TASK INSTRUCTIONS: When you reach the line that holds "Pozyskane dofinansowanie w", start copying exactly and keep going through the final line of the data, leaving out pictures.

DATA SEGMENT:
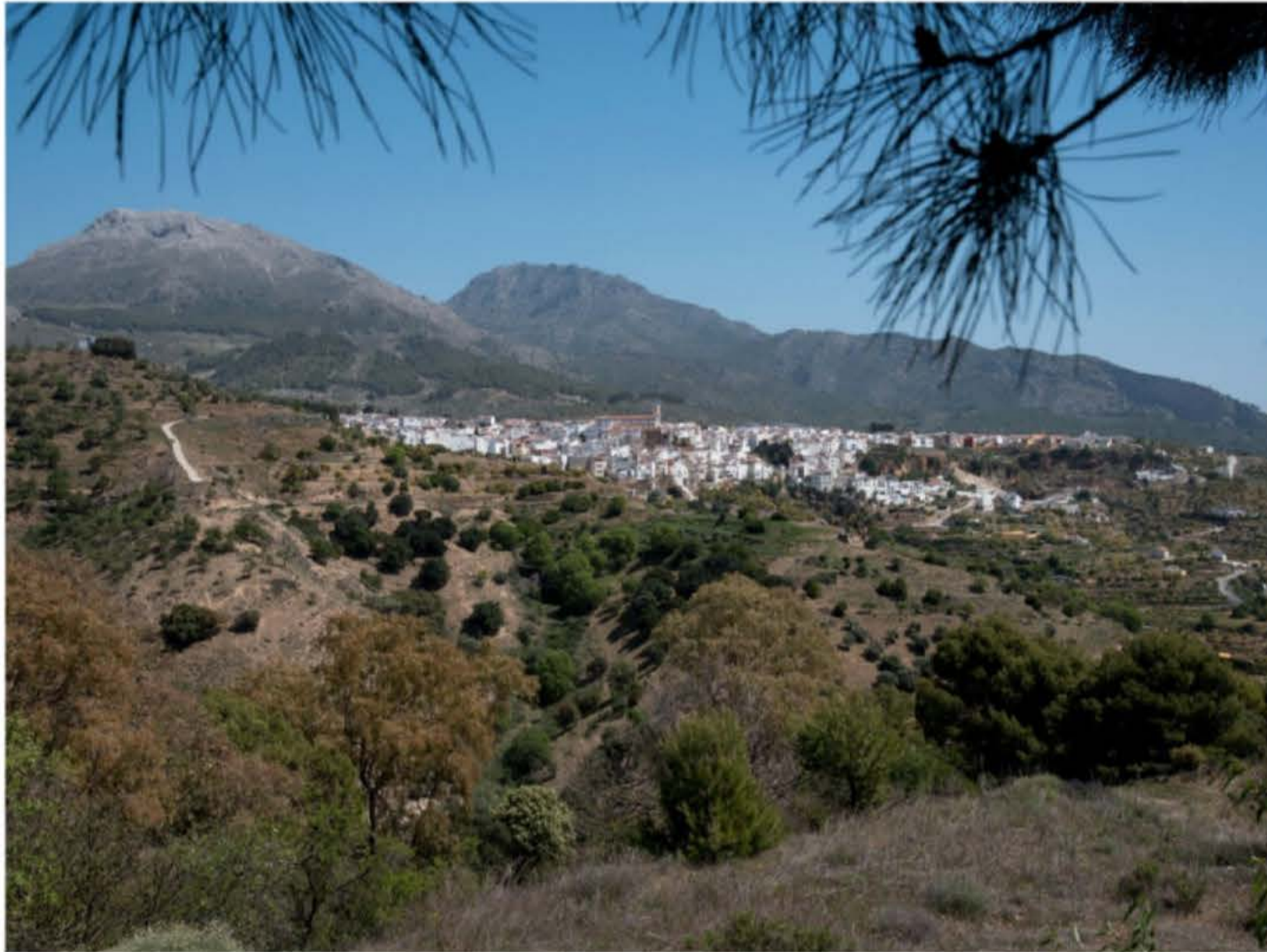
Yunquera ligger tett på nasjonalparken, turstier, flora og fauna.
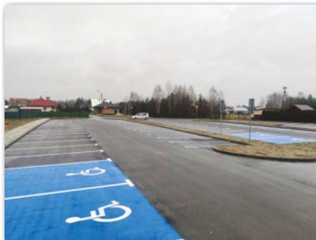
Parking w Trześni

Pozyskane dofinansowanie w ramach Rządowego Funduszu Rozwoju Dróg – zadania remontowe pozwoliło także na częściowy remont drogi gmin-
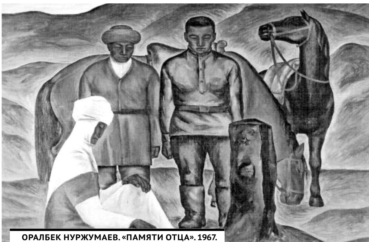
ОРАЛБЕК НУРЖУМАЕВ. «ПАМЯТИ ОТЦА». 1967.

TASK OUTPUT:
Pozyskane dofinansowanie w ramach Rządowego Funduszu Rozwoju Dróg – zadania remontowe pozwoliło także na częściowy remont drogi gmin-
ОРАЛБЕК НУРЖУМАЕВ. «ПАМЯТИ ОТЦА». 1967.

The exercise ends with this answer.